Hal ini menarik, karena dalam kuasa media massa, politisi (partai politik) berada pada posisi atas dalam porsi pemberitaan, Akibatnya, publik terbombardir oleh opini-opini yang bernuansa politik-kepartaian.  Seharusnnya dengan kekuatan media massa, opini yang terbentuk mampu membuat publik memiliki citra positif terhadap partai politik. Akan tetapi berkaca dari kejadian yang terjadi di Kabupaten Lebong Propinsi Bengkulu tersebut, yang terjadi justru sebaliknya, masyarakat tidak menganggap partai politik mampu membantu mereka, bahkan mereka menolak keterlibatan partai politik untuk terlibat dalam menyelesaikan masalah yang ada dilingkungannya.
Penolakan masyarakat adat di Kabupaten Lebong terhadap pelibatan partai politik dalam kehidupannya menunjukkan rendahnya tingkat kepercayaan masyarakat terhadap partai politik. Sementara itu, para politisi sibuk “menjual” rakyat sebagai komoditas komunikasi politiknya. Nada-nada keberpihakan kepada rakyat memenuhi setiap “dinding kronologi” partai politik. Mereka mengasumsikan bahwa dengan penuhnya “dinding kronologi” dengan suara rakyat akan membuat masyarakat menempelkan aspirasinya.

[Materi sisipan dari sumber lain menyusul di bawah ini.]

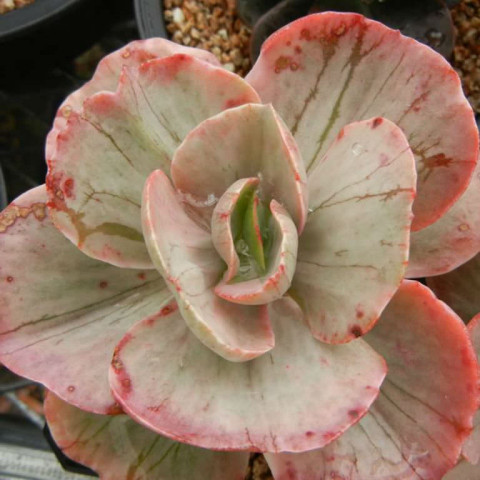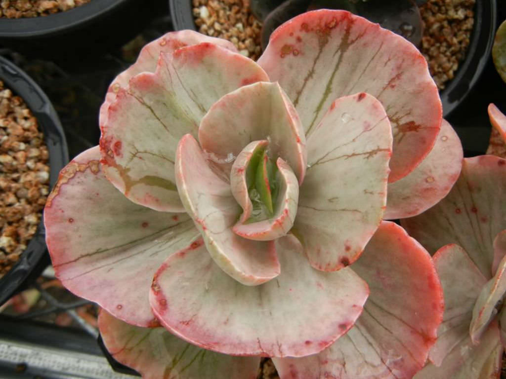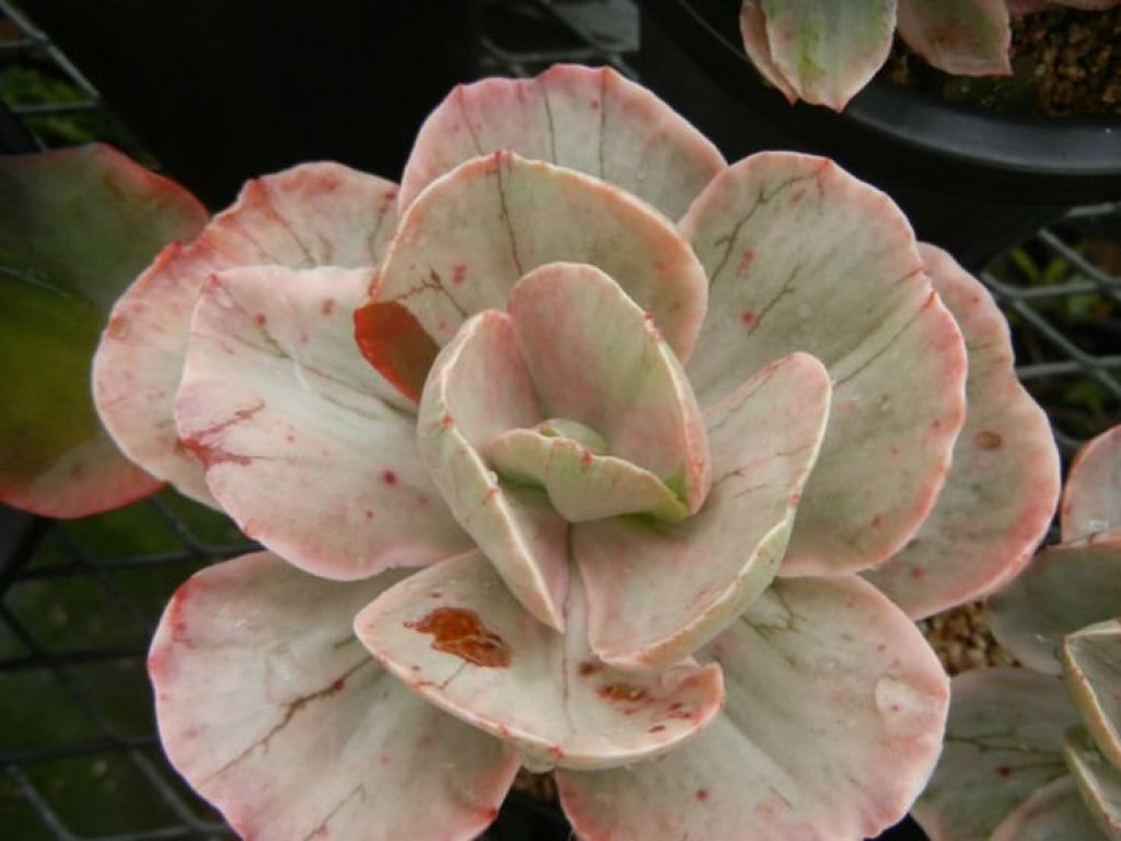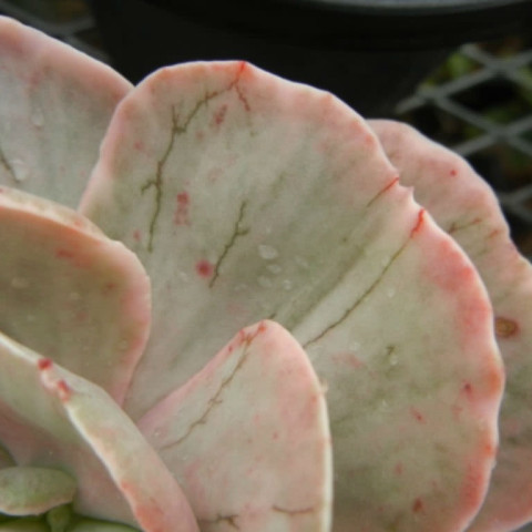 Echeveria ‘Ice Age’, Crassulaceae familyasına ait, geniş ve katmanlı rozet yapısıyla dikkat çeken, açık tonlu yaprakları ve belirgin damar desenleriyle ayırt edilebilen bir türdür. Genç dönemde kompakt bir rozet oluşturur; olgunlaştıkça rozet çapı genişler ve yapraklar daha belirgin katmanlar halinde dizilir. Echeveria ‘Ice Age’ yaprakları kalın, etli ve geniş spatula formuna yakındır. Yaprak yüzeyi genellikle açık gri, soluk mavi-yeşil veya kremimsi tonlar gösterir. Yeterli ışık altında yaprak kenarlarında ve uç kısımlarında pembemsi ya da kırmızımsı çerçeve oluşabilir. Bazı örneklerde yaprak yüzeyinde ince damar benzeri çizgiler belirginleşir. Bu damar görünümü, açık zemin üzerinde daha koyu tonlu hatlar şeklinde gözlemlenebilir ve bitkiye karakteristik bir desen kazandırır. Düşük ışık koşullarında bu renk kontrastı azalabilir ve bitki daha homojen yeşilimsi bir tona dönebilir.

Partai Politik seharusnya menyadari bahwa urusan untuk mendapatkan simpati dari rakyat, bukanlah dengan memenuhi “dinding kronologi”, akan tetapi dengan memasuki relung-relung terdalam dari “perasaan” masyarakat. Untuk memasuki wilayah rasa tersebut bukanlah dengan menggunakan kekuatan logika, uang, kekuasaan, bujuk rayu, apalagi tipu daya. Anggapan bahwa logika, uang, kekuasaan dan bujuk rayu mampu menumbuhkan rasa simpati tertolak dengan peristiwa yang terjadi pada diskusi publik dengan masyarakat adat di Kabupaten Lebong.
Suara penolakan rakyat terhadap partai politik tidak boleh dianggap sebagai hal yang remeh-temeh. Hal ini merupakan agenda penting, serius dan mendesak untuk segera dicari solusinya, karena partai politik merupakan instrumen terpenting dalam piranti demokrasi modern.
Dalam sistem demokrasi modern, wacana terpenting yang mesti diperhatikan adalah bagaimana “menangkap” perasaan masyarakat kemudian memformulasinya dalam konsep=kensep kemasyarakatan dan mampu menterjemahkannya dalam tataran praksis. Selagi partai politik hanya bergerak di wilayah jargon semata maka hal itu berarti menunggu saat-saat kematian partai politik. Dan. akhirnya partai politik akan dianggap oleh masyarakat sebagai “sampah demokrasi”.